Harlem preacher Margaret separated from her jazz musician husband Luke and brought up son David alone. She lives below the tabernacle with David and sister Odessa. As the play starts, all is well in this devotional world, with her sister a church elder and her son its pianist. Luke turns up sick (and drunk), David starts to develop a life outside this insular world and Margaret’s life is turned upside down. The other church elder’s see this as part of her descent, making them intent on a coup. The personal story is played out against the contradictions of this 1950’s Harlem world – evangelical services full of people possessed and seedy clubs full of the fallen.

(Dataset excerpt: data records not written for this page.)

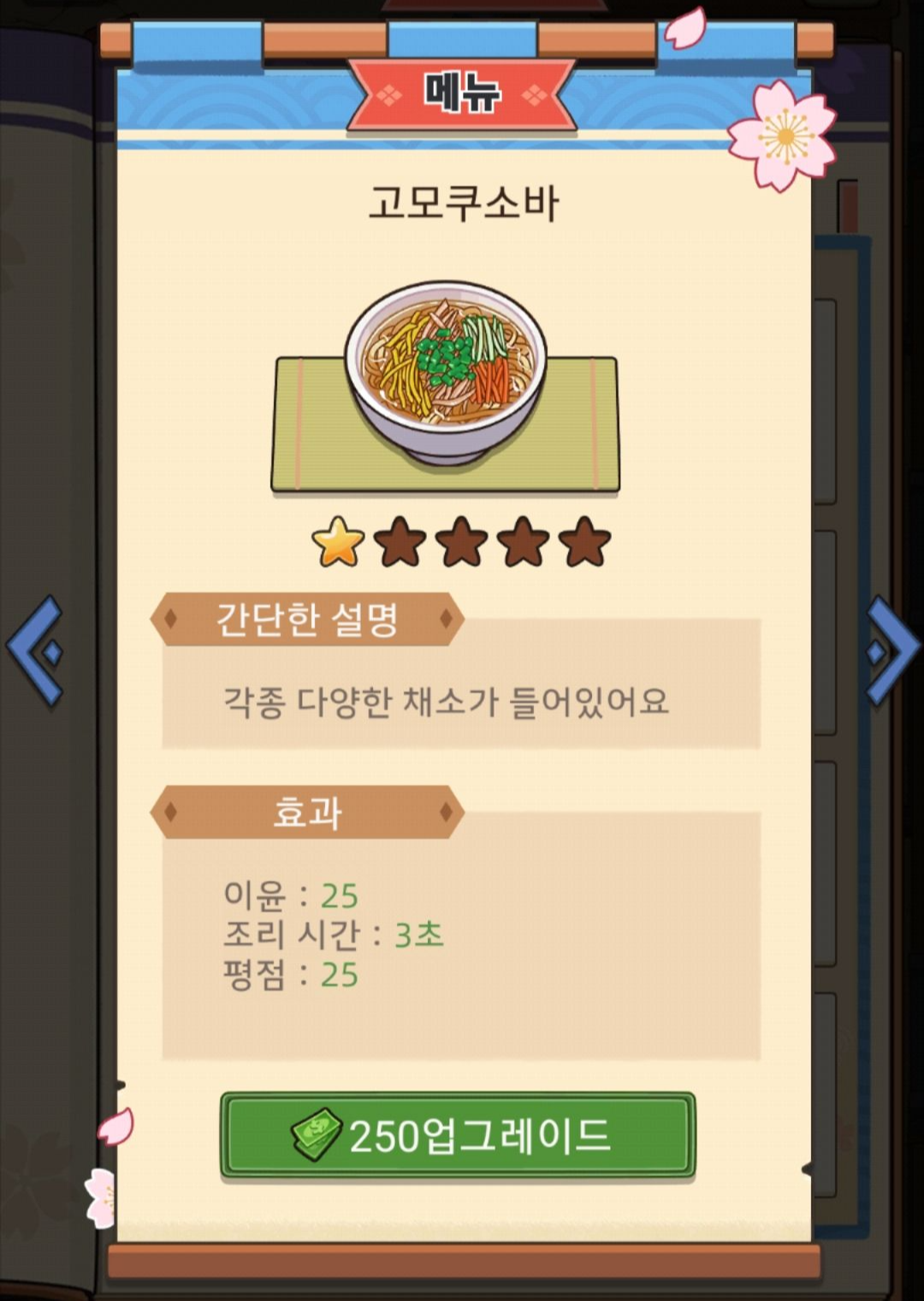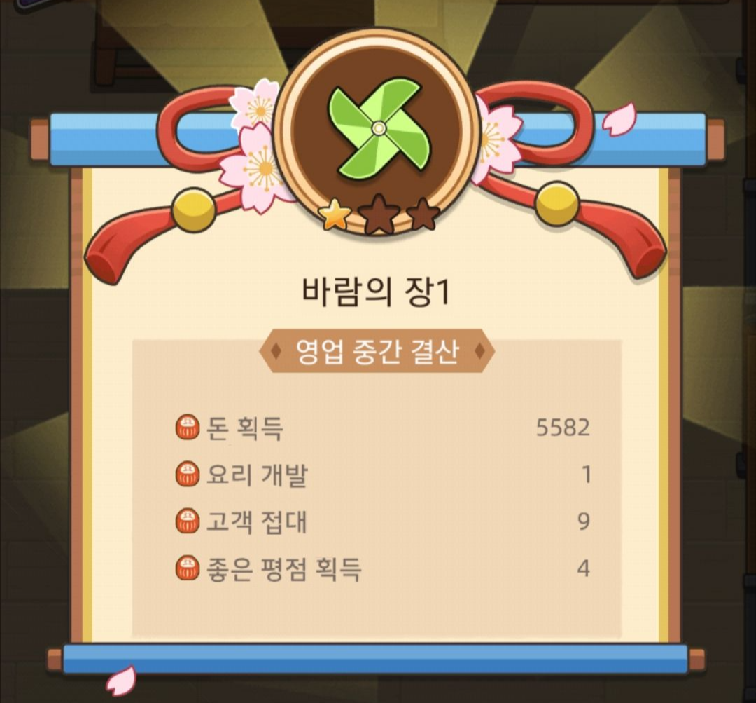 신메뉴도 개발해서 천천히 별을 쌓아나가면서 점수를 쌓아나가는 게 주 컨텐츠라고 할 수 있습니다.
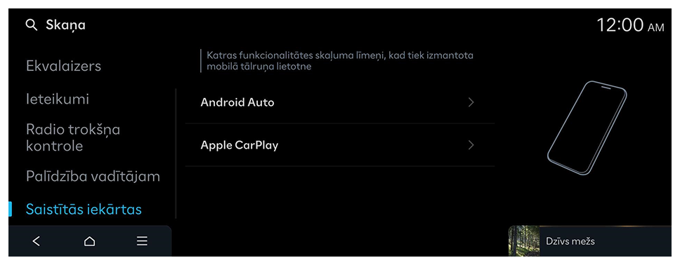 Visu pārējo skaņas skaļuma samazināšana, kad tiek atskaņots braukšanas drošības brīdinājuma skaņas signāls
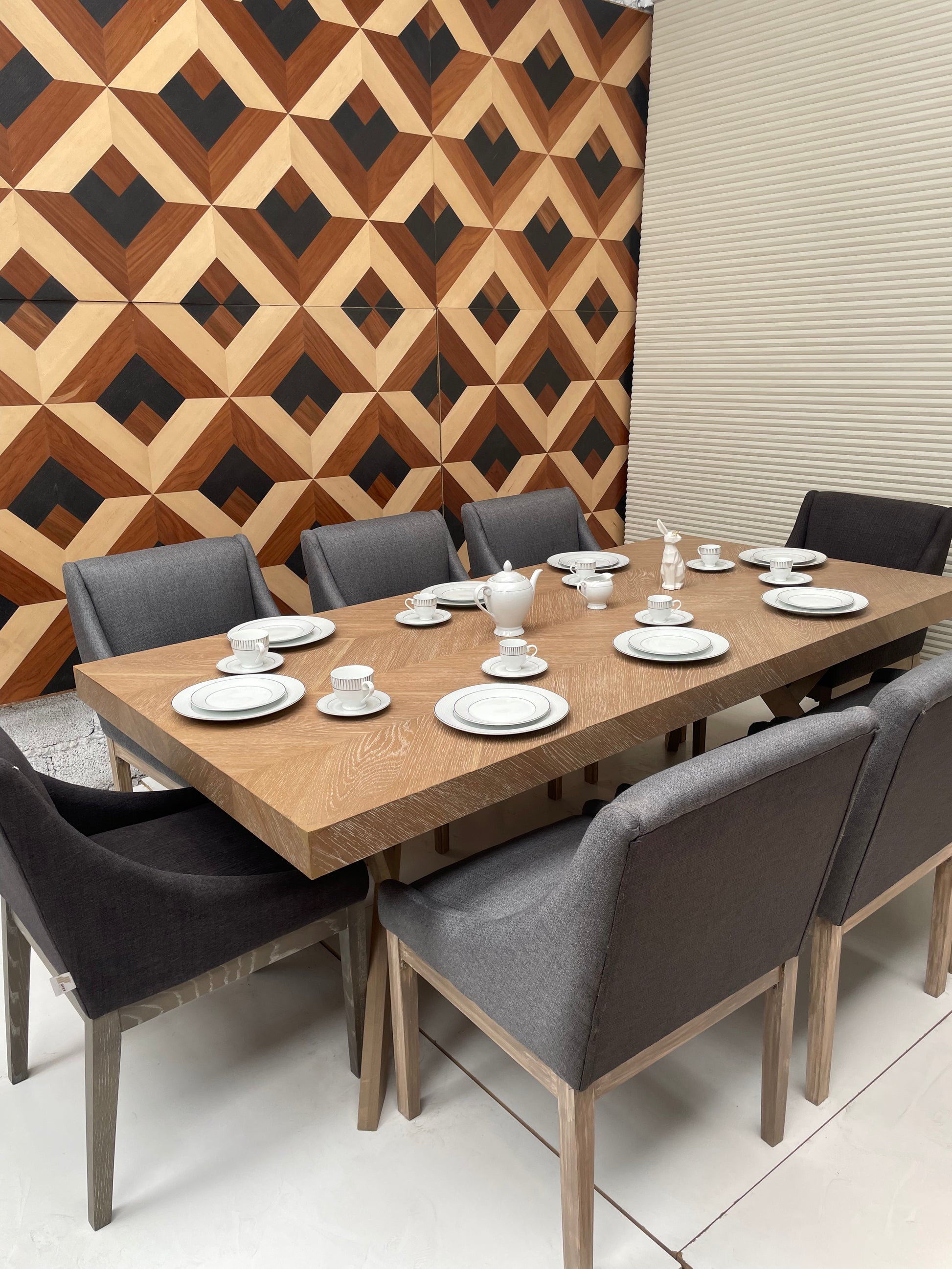 Mesa fabricada en MDF con chapa de encino americano con toque en color gris claro.

What makes the play very different from previous productions is that Norris has infused it with music – mostly the gospel of Margaret’s world, but also the jazz of Luke’s world. Ian MacNeil’s design cleverly delineates these worlds with the home stage front, the tabernacle above and the jazz world behind and to the side. The singing of the cast with the London Community Gospel Choir is uplifting, even to a hardened atheist like me, and contrasts with the sultry, sensual jazz soundscape. This does so much to create the dichotomy so important to the story.

I’ve already seen two stunning black casts in recent weeks, with Fences and A Season In the Congo (and there’s The Colour Purple to come in a matter of days), and here’s another one. It’s wonderful to see Marianne Jean-Baptiste again and her performance as Margaret towers over proceedings but doesn’t steal the limelight. Lucian Msamati is excellent as Luke, a difficult role requiring believable sickness and drunkenness. Recent graduate Eric Kofi Abrefa is hugely impressive as David and Sharon D Clarke has great presence as Odessa, successfully stretching herself away from the musicals we are more used to seeing her in. There are three brilliant performances as the machiavellian elders from Cecilia Noble, Jacqueline Boatswain and Donovan F Blackwood.

This must be the definitive production of this excellent play (a better play than August Wilson’s Fences across the river, in my view) and a great use of the difficult Olivier stage. I would have preferred the interval earlier, or two intervals, as the first half is twice the length of the second, but it didn’t get in the way of a thrilling evening at the theatre.